### Work required
Please reproduce the lines of the records below from the one holding "Note: ASAP —" through the one holding "男生黑丝小平角裤网纱全透明内裤", inclusive, skipping all pictures.

### Supplied entries
#####
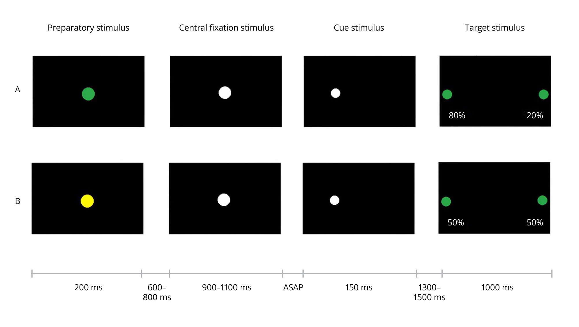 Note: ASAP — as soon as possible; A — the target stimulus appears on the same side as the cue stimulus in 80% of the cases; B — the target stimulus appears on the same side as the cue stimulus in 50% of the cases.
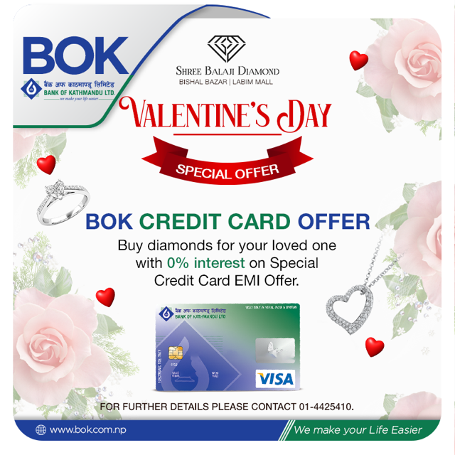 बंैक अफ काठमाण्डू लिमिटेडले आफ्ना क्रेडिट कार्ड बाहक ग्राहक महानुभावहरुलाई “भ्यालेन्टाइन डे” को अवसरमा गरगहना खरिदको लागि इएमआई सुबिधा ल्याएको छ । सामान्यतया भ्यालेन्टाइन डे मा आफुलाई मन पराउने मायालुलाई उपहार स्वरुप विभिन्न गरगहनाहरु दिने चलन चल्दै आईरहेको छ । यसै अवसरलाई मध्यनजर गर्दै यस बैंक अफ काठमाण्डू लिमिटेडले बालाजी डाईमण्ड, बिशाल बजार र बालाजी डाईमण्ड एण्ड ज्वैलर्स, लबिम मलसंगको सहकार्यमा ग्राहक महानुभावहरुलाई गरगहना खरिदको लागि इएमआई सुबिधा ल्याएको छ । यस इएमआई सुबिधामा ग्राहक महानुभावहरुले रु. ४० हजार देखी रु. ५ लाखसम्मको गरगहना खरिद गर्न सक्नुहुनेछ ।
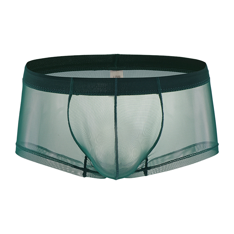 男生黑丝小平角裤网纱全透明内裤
#####
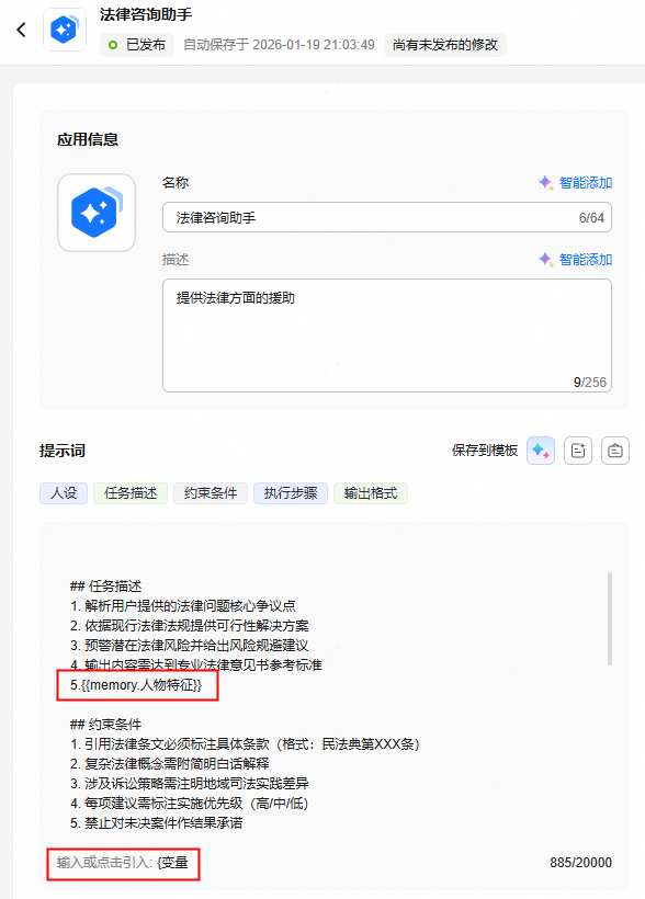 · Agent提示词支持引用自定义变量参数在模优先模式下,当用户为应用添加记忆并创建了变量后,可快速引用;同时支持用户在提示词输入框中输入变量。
#####
### Worked solution
 Note: ASAP — as soon as possible; A — the target stimulus appears on the same side as the cue stimulus in 80% of the cases; B — the target stimulus appears on the same side as the cue stimulus in 50% of the cases.
 बंैक अफ काठमाण्डू लिमिटेडले आफ्ना क्रेडिट कार्ड बाहक ग्राहक महानुभावहरुलाई “भ्यालेन्टाइन डे” को अवसरमा गरगहना खरिदको लागि इएमआई सुबिधा ल्याएको छ । सामान्यतया भ्यालेन्टाइन डे मा आफुलाई मन पराउने मायालुलाई उपहार स्वरुप विभिन्न गरगहनाहरु दिने चलन चल्दै आईरहेको छ । यसै अवसरलाई मध्यनजर गर्दै यस बैंक अफ काठमाण्डू लिमिटेडले बालाजी डाईमण्ड, बिशाल बजार र बालाजी डाईमण्ड एण्ड ज्वैलर्स, लबिम मलसंगको सहकार्यमा ग्राहक महानुभावहरुलाई गरगहना खरिदको लागि इएमआई सुबिधा ल्याएको छ । यस इएमआई सुबिधामा ग्राहक महानुभावहरुले रु. ४० हजार देखी रु. ५ लाखसम्मको गरगहना खरिद गर्न सक्नुहुनेछ ।
 男生黑丝小平角裤网纱全透明内裤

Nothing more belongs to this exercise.